Image: elephants at the waterhole. Photo by Richard Jacobs on Unsplash
Let’s say the census collected information on pets (which it doesn’t) but in a hypothetical world, a household could have a pet elephant. If it were the only household in the local area with a pet elephant, it would be identifiable in the neighbourhood.
ONS is legally and ethically required to protect unusual records, such as these, in the census outputs which is done through the application of SDC methodology.
In previous censuses, ONS published lots of static tables, carefully designed to ensure the disclosure risk was very low. For example, elephants may have been grouped into a category along with other large mammals such as hippopotamuses and rhinoceroses.
The manual process for producing and disclosure checking these tables was time consuming, sometimes necessitating changes to those tables, and didn’t always allow users the detailed outputs they expected or required.
New approaches to disseminating Census 2021
Among the many firsts for the Census 2021 is how the published data will be disseminated, with products including a Flexible Table Builder (FTB).
The FTB makes it more challenging to protect unusual records in the published outputs because a data intruder could tabulate type of pet in turn against each of the other variables in the census. This could lead to the construction of an individual record revealing information from the census about a person or household.

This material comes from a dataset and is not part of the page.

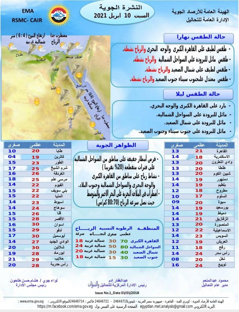 تتوقع هيئة الأرصاد الجوية أن يشهد اليوم السبت، انخفاض آخر فى درجات الحرارة على كافة الأنحاء، حيث يسود طقس لطيف على القاهرة الكبرى والوجه البحرى والرياح نشطة، مائل للبرودة على السواحل الشمالية والرياح نشطة، معتدل على جنوب سيناء ولطيف على شمال الصعيد والرياح نشطة، معتدل على جنوب الصعيد والرياح نشطة. وكشف محمود شاهين مدير إدارة التنبؤات الجوية بالهيئة العامة للأرصاد، أن البلاد تشهد نشاط رياح على مناطق من القاهرة الكبرى والوجه البحرى والسواحل الشمالية وجنوب البلاد، وفرص أمطار خفيفة على مناطق من السواحل الشمالية على فترات متقطعة، واضطراب فى الملاحة البحرية على البحر الأحمر والمتوسط، حيث تصل سرعة الرياح من 70 لـ80 كم فى الساعة. وعن حالة الطقس ليلا فيسود طقس بارد على القاهرة الكبرى والوجه البحرى، مائل للبرودة على السواحل الشمالية، لطيف على جنوب سيناء، مائل للبرودة على جنوب البلاد. وبالنسبة لدرجات الحرارة، اليوم السبت: القاهرة العظمى 21 درجة والصغرى 13 درجة، والإسكندرية العظمى 18 والصغرى 14 درجة، ومطروح العظمى 18 درجة والصغرى 12 درجة، وسوهاج العظمى 24 درجة والصغرى 14 درجة، وقنا العظمى 26 درجة والصغرى 15 درجة، وأسوان العظمى 30 درجة والصغرى 16 درجة

In fact, a household doesn’t have to be that unusual to be at risk because any low count in a single variable table, say the only pet elephant in an area, could be used to identify that record in every table that uses type of pet.
Our shield against data intruders is our SDC methodology which has been specifically developed to protect Census 2021 data. We will use a combination of Targeted Record Swapping, Cell Key Perturbation and Automatic Disclosure Checks to ensure that no respondents, even those with elephants, can be identified in the published outputs with certainty.
ONS approaches to Statistical Disclosure Control
Targeted Record Swapping
Targeted Record Swapping is our main source of protection against unique records. We identify the records most at risk by targeting a wide range of variables and protect these households by matching them to another household with similar characteristics in a nearby geographic area.
In the case of the elephant, this could be a household of the same size with a pet hippopotamus in the next town, and the two households will swap between the two areas. The aggregated characteristics of both areas will remain broadly unchanged, with the same number of people and the same number of large mammals, however where the neighbours expect to see an elephant in the outputs, they will find a hippopotamus.
Cell Key Perturbation
The next layer of protection is the Cell Key Perturbation method that protects against disclosure by differencing similar tables. The FTB will allow users to choose the geography, population, variables and level of detail in their tables.
If one selection requested all pets while another requested only furry pets, if the elephant is the only non-furry pet in an area, the two outputs could be differenced to reveal information on the household with the elephant.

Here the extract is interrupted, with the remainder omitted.